W Files
Profiling Screenwriters at Work
Plan B works out fine for Daegan Fryklind
by Vern Smith
Writing was Daegan Fryklind’s plan B. Even then, the parachute wasn’t screenwriting. No, if her more sensible aspirations didn’t pan out, she was going to pen literary fiction.
The crazy notion came about while studying pre-law. Fryklind’s mom told her she’d better have a back-up plan, just in case. And then, in just a few short courses, plan B became plan A.
“I sort of stumbled into creative writing,” says Fryklind, now writer and story editor of the lakeside serial, Falcon Beach. “My mother said, ‘Make sure you have a parachute.’ I think she thought I would take medicine or something, but I was just sort of crap-shooting my way through.”
The gamble began paying off as Fryklind published with such respected small-press magazines as Moosehead and sub-Terrain. Film and television then just “sort of serendipitously happened.”
Upon returning to Vancouver after finishing her masters in creative writing, a friend working on a documentary called The Vanishing Housewife hired Fryklind to research images of 1950s housewives and get them cleared.

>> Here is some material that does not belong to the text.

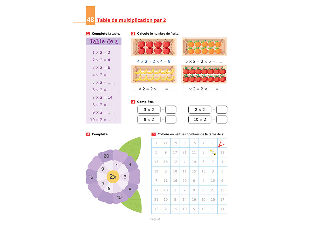 • des mises en situation variées adaptées au quotidien des élèves de CE1 : coloriages codés, points à relier, quadrillages, fleurs de nombres, etc.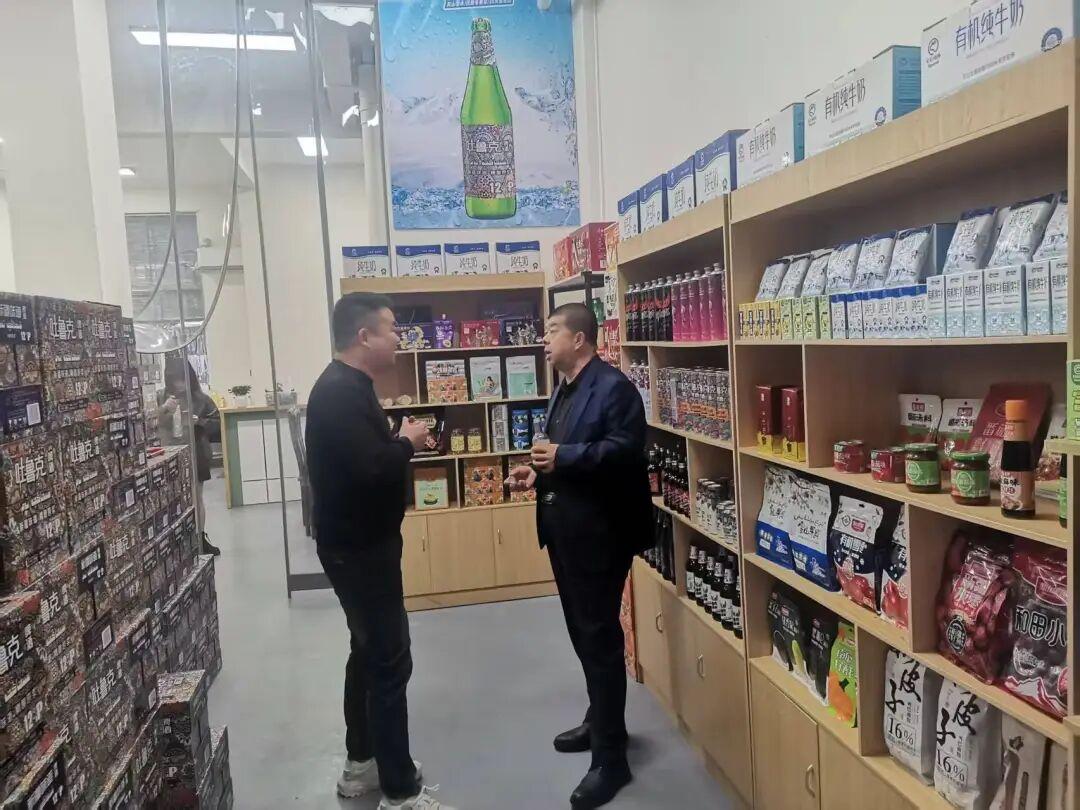 依照《2025年奇台县供销合作社联合社外销平台建设项目实施方案》,考察组分别从经销农产品种类、销售情况、销售额、店面打造等方面对外销平台进行验收,并与经营方、消费者进行交流。

Shortly thereafter, Cadence Entertainment’s associate producer left, so Fryklind stepped in to do “all the Telefilm, the financing side.” After that, Cadence “absorbed” her as a producer’s assistant, then head of development, figuring that “because I come out of the world of writers, I understood writers. So they decided to put a writer with other writers.”
The next step was writing for animation programs such as Yakkity Yak, Yvon of the Yukon, Something Else, and What About Mimi?
At the same she was developing a half-hour comedy for CTV, Grappling with Charlie, which revolved around backyard wrestling. It never saw air, but the contract was an education of its own.
“I’d just started writing for TV so admittedly I got that way too early,” she says. “They just said develop it, develop your skills, and that’s what I did. It was the first time I’d worked half-hour comedy.”
When Cold Squad’s on-again, off-again situation was deemed back on again, creating an opening for a writer/story editor, Fryklind “went from writing dialogue for Yak to writing dialogue for pedophiles.” Asked if pre-law finally came in handy, Fryklind says, “Yeah, I had a bunch of books.”
She admits Cold Squad involved a fair bit of reading and ripping headlines, but sometimes it went the other way too.
“It was almost pre-cognizant that we would come up with an idea and then it would appear in headlines. It was kind of creepy. You put this into the universal consciousness and then it’s happening.”
More fun is Falcon Beach, a 20-something serial about, among other things, the ethics of otherwise good girls baring their breasts at bars, corrupt small-town mayors, and, of key importance, wake-boarding.
“Each episode doesn’t have to sum up because you’re going to drag it across 13 episodes. So in writing an individual episode, there’s the relief of not having to wrap things up. But then you’re putting pressure on the next episode and the next…building pressure towards episode 13.”
As for other scripts, Fryklind has been working on the CTV movie-of-the-week Bushman: The Hunt for John Bjornstrom, billed as “a dark comedic take on the capture of the Shuswap fugitive.” Next season, she joins Robson Arms for season two, and sees the gig as a yet another adventure in fiction.
“Robson Arms is really interesting that way because (the episodes are) very much like short stories with a beginning, middle, and end,” she says.
“And they’re character driven, and as much as they are a comedy, at heart of each episode there’s a nugget of really poignant human emotion. And so coming into Robson Arms as a short story writer, it just sort of loaned itself naturally to that show; being able to encapsulate the episodes.”
Fryklind is also working with Dwayne Beaver and James Dunnison on developing a half-hour comedy, Dirty Work, with CBC. Set around a 20-something slacker who does surveillance work for a store selling spy equipment, Fryklind likens it to Napoleon Dynamite meets James Bond.